> Work request
In the entries below, begin at the line that has "QYD、QJYD起重用减速机外形及安装尺寸" and stop after the line that has "Le poteau griffoir"; output those lines exactly, leaving out pictures.

> Source information
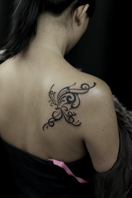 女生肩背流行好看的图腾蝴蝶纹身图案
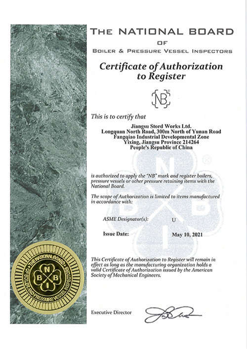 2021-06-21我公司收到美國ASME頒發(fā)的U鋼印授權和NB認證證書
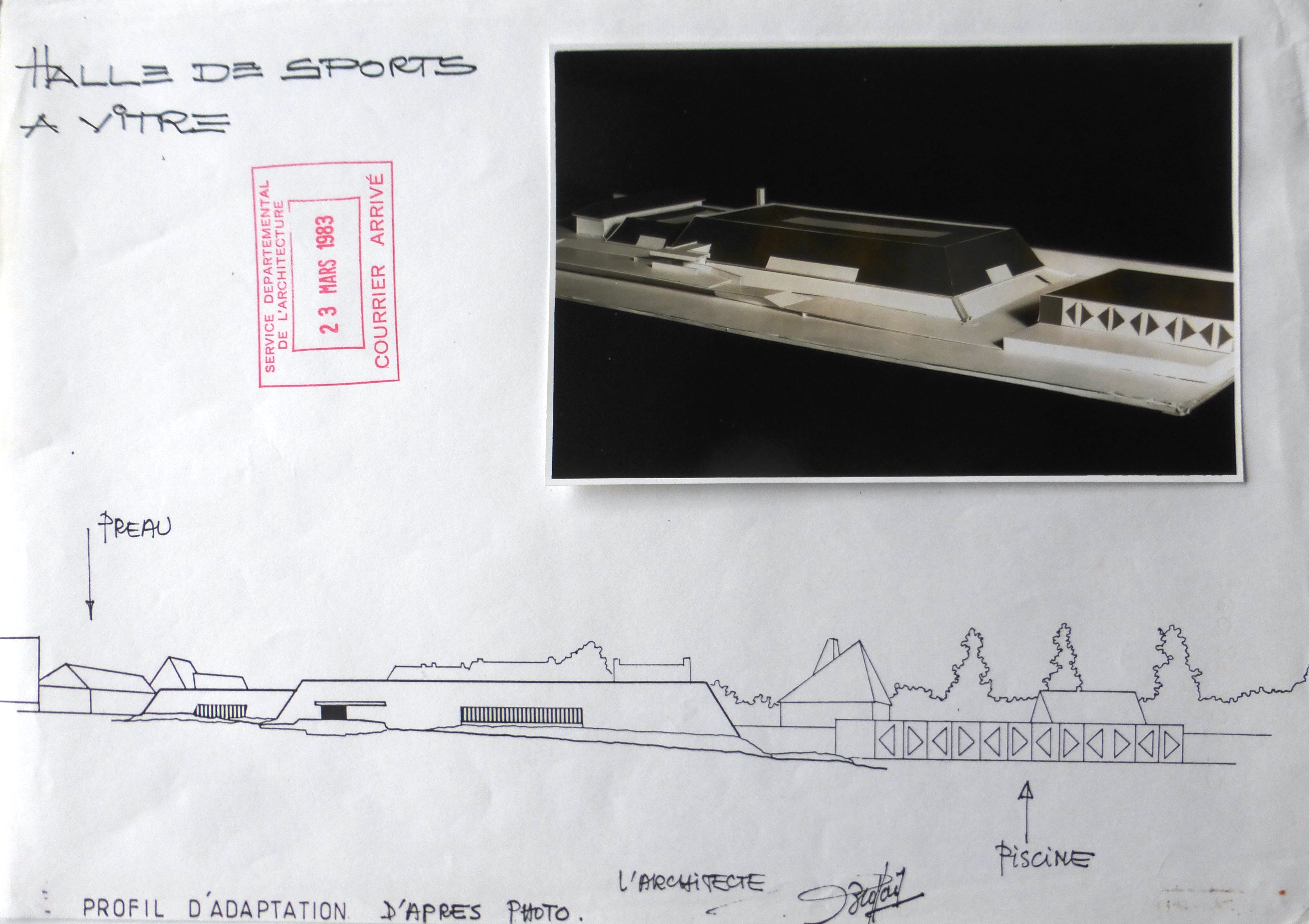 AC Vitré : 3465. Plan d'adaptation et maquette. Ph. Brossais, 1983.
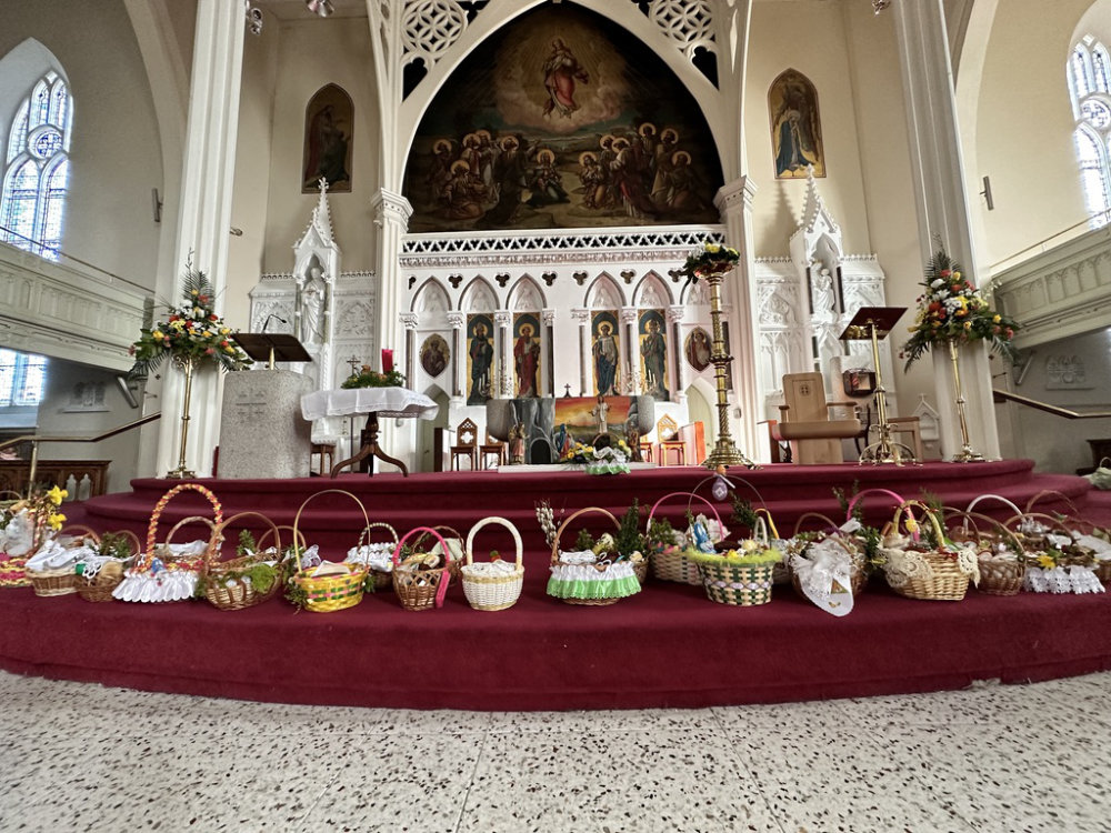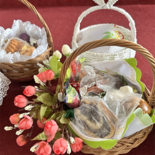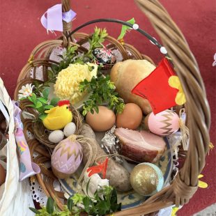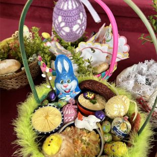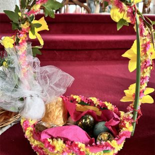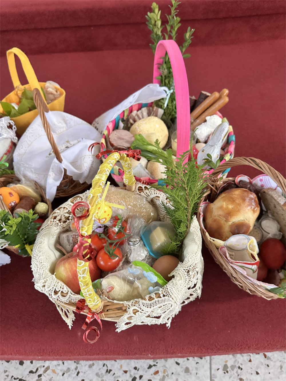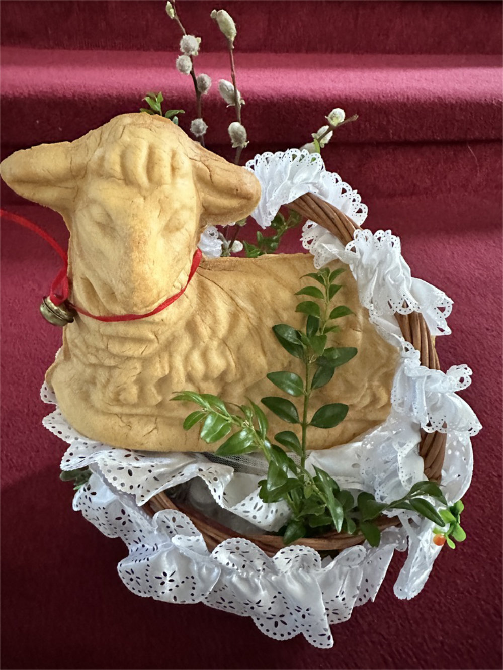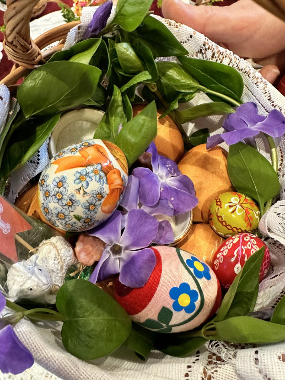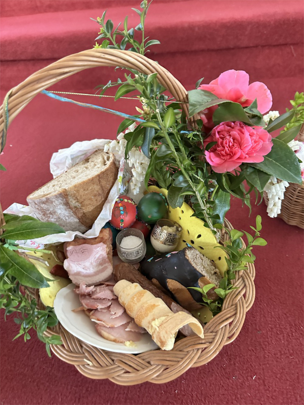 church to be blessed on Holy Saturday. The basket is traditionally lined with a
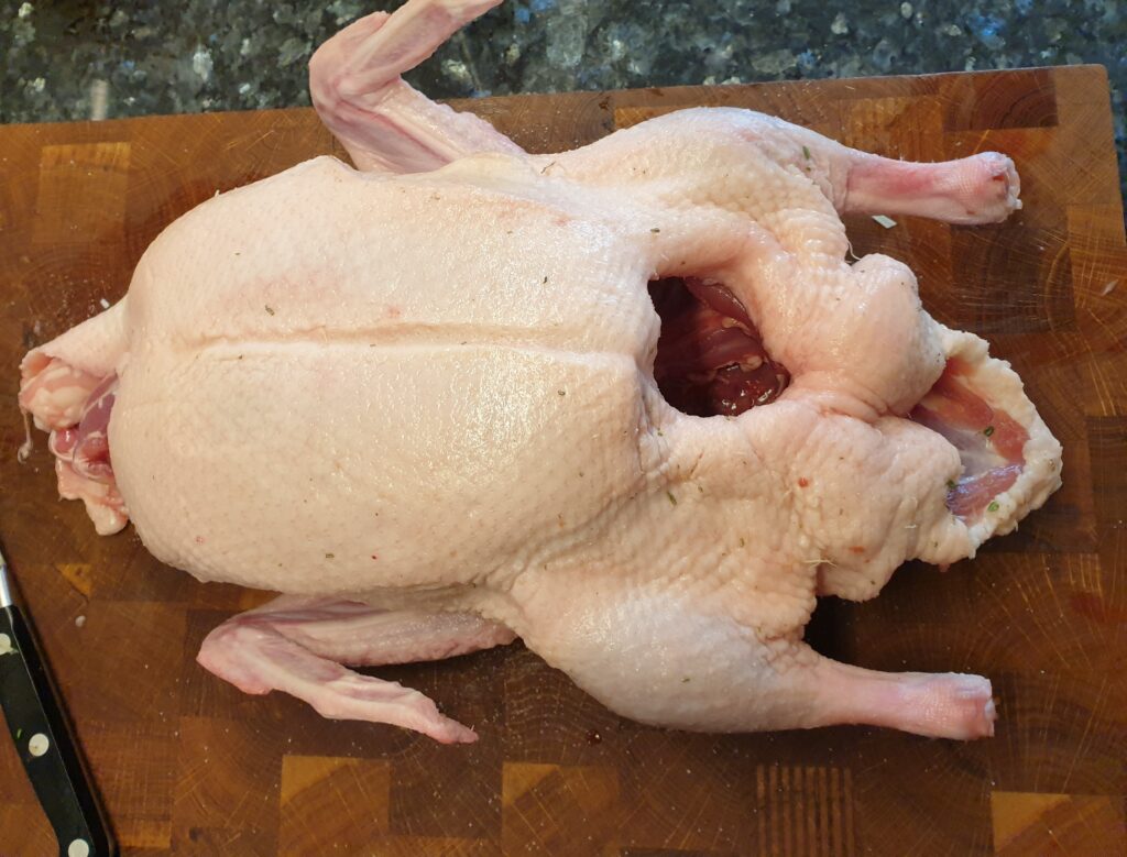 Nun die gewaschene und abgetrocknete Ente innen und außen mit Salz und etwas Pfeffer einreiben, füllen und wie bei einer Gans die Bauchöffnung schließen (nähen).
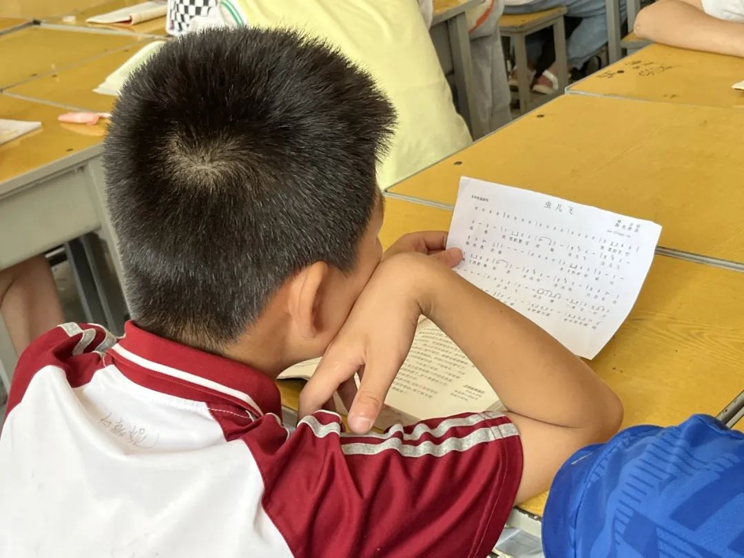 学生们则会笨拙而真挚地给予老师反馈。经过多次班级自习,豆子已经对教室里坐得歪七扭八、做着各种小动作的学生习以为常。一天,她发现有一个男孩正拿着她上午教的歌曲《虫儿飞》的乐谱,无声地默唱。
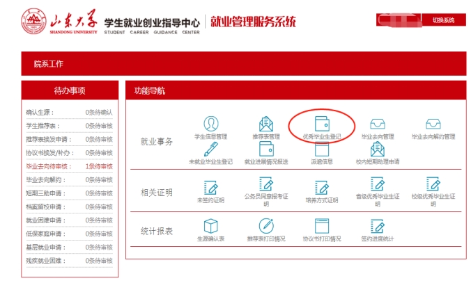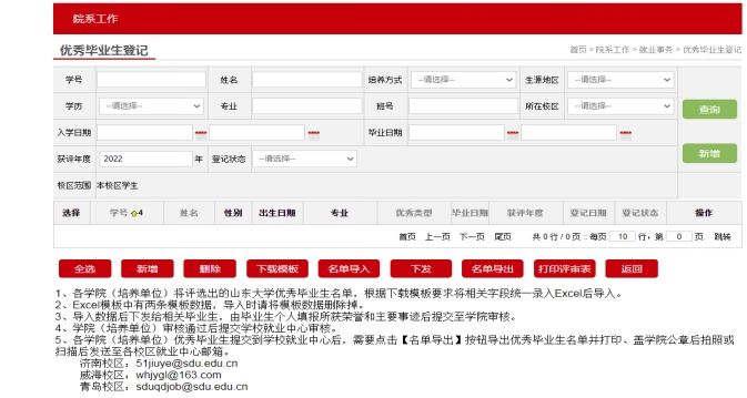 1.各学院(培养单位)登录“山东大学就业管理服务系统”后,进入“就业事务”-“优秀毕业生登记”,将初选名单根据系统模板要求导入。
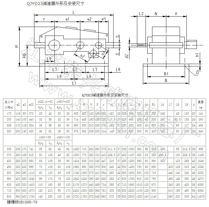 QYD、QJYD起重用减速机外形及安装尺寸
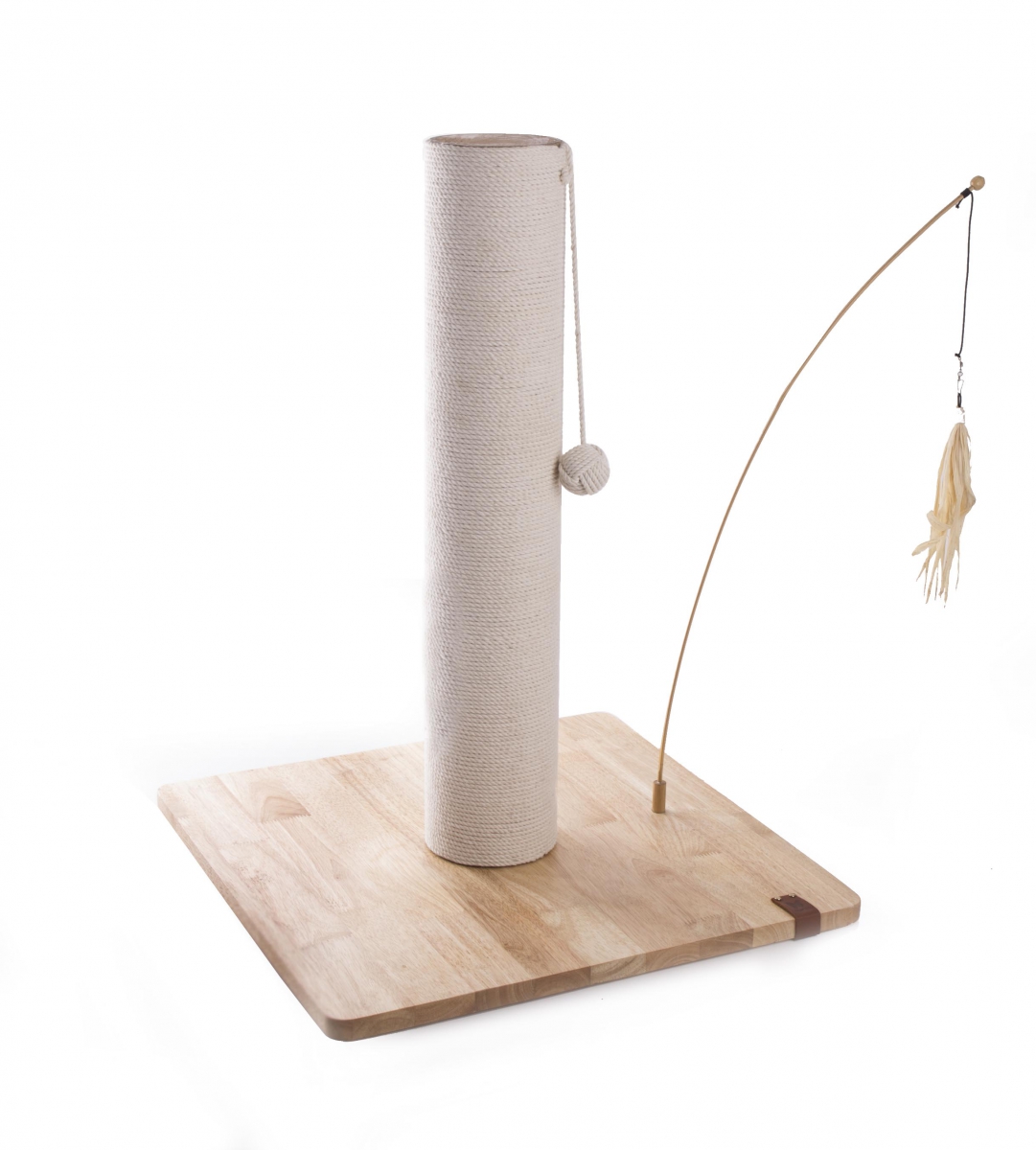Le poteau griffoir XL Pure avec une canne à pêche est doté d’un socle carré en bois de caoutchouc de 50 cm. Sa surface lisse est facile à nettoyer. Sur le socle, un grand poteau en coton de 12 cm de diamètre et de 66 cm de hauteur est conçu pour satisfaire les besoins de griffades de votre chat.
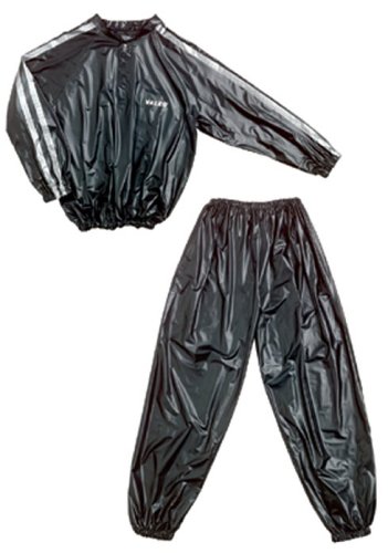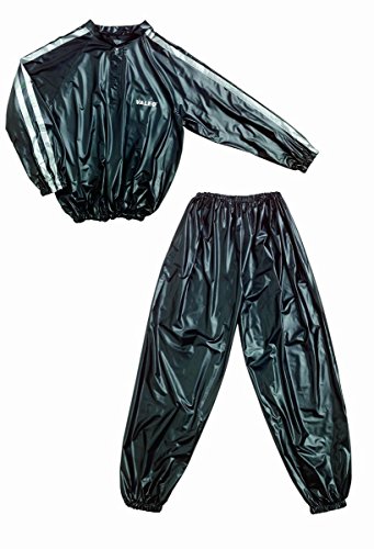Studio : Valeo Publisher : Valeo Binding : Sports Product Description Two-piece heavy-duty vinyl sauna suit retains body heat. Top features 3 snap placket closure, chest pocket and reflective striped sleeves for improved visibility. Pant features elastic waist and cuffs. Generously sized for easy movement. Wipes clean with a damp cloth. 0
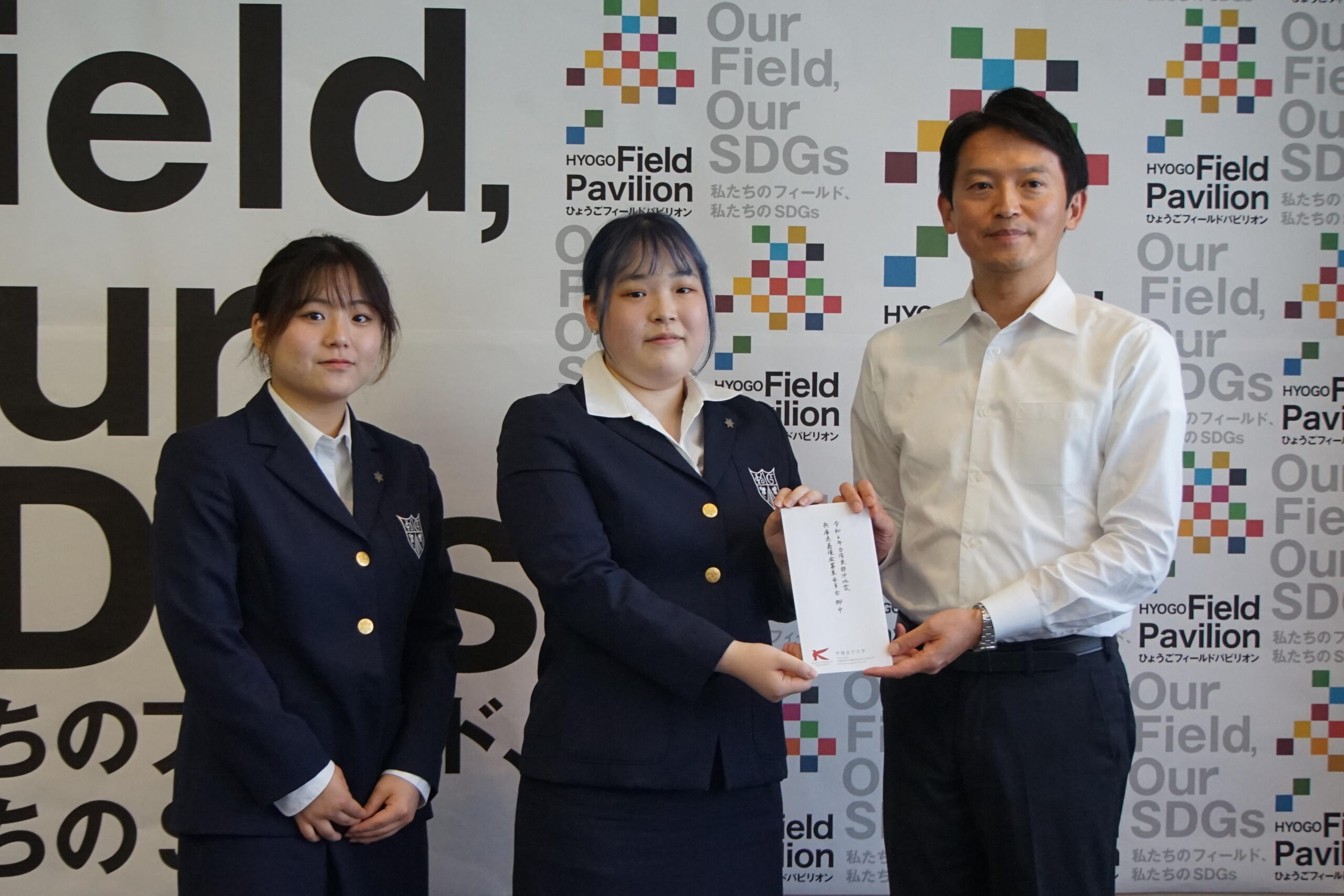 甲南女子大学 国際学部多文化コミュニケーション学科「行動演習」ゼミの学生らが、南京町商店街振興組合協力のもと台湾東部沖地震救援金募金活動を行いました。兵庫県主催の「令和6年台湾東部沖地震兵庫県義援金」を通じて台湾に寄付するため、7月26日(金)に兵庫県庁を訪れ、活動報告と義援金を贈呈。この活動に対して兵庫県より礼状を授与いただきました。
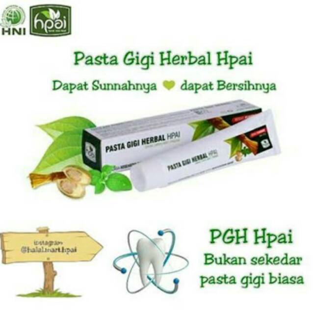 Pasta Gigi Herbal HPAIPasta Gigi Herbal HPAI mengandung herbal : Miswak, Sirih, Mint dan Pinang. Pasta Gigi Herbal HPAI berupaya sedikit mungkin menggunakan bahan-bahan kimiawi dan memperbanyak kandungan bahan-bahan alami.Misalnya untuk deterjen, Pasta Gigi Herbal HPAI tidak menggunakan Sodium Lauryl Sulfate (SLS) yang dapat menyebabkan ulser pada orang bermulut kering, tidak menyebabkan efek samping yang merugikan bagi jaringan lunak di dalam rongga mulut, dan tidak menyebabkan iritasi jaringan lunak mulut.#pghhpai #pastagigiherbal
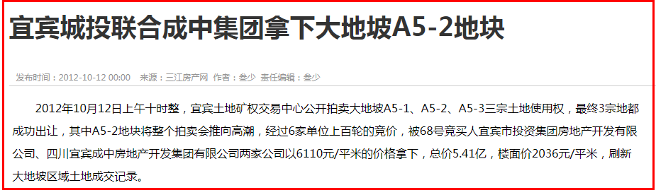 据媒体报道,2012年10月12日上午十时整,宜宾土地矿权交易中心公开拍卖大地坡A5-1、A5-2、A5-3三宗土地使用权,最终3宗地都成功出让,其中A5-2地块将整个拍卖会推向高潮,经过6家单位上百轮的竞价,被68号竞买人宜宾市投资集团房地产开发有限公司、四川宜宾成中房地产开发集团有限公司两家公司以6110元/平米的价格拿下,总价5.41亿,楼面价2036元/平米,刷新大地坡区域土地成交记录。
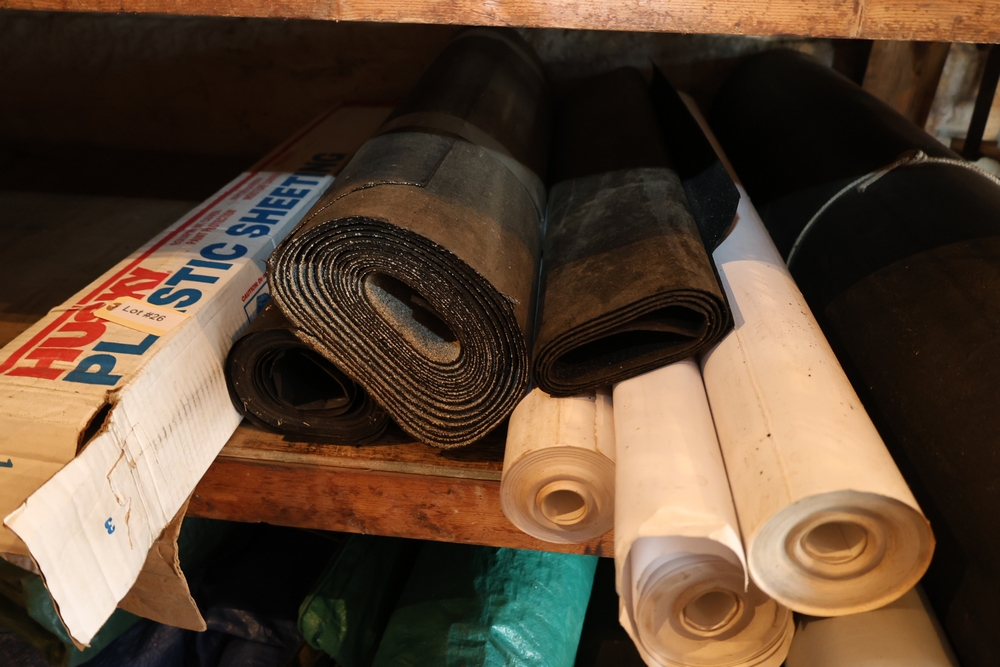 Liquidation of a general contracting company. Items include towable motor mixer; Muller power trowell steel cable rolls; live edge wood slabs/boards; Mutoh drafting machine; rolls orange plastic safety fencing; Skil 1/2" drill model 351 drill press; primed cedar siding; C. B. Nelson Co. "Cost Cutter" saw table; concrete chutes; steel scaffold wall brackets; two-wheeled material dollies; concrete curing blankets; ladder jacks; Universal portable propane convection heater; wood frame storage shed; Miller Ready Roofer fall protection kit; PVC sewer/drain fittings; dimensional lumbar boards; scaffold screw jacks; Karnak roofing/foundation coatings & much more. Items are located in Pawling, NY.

> Output
 QYD、QJYD起重用减速机外形及安装尺寸
Le poteau griffoir XL Pure avec une canne à pêche est doté d’un socle carré en bois de caoutchouc de 50 cm. Sa surface lisse est facile à nettoyer. Sur le socle, un grand poteau en coton de 12 cm de diamètre et de 66 cm de hauteur est conçu pour satisfaire les besoins de griffades de votre chat.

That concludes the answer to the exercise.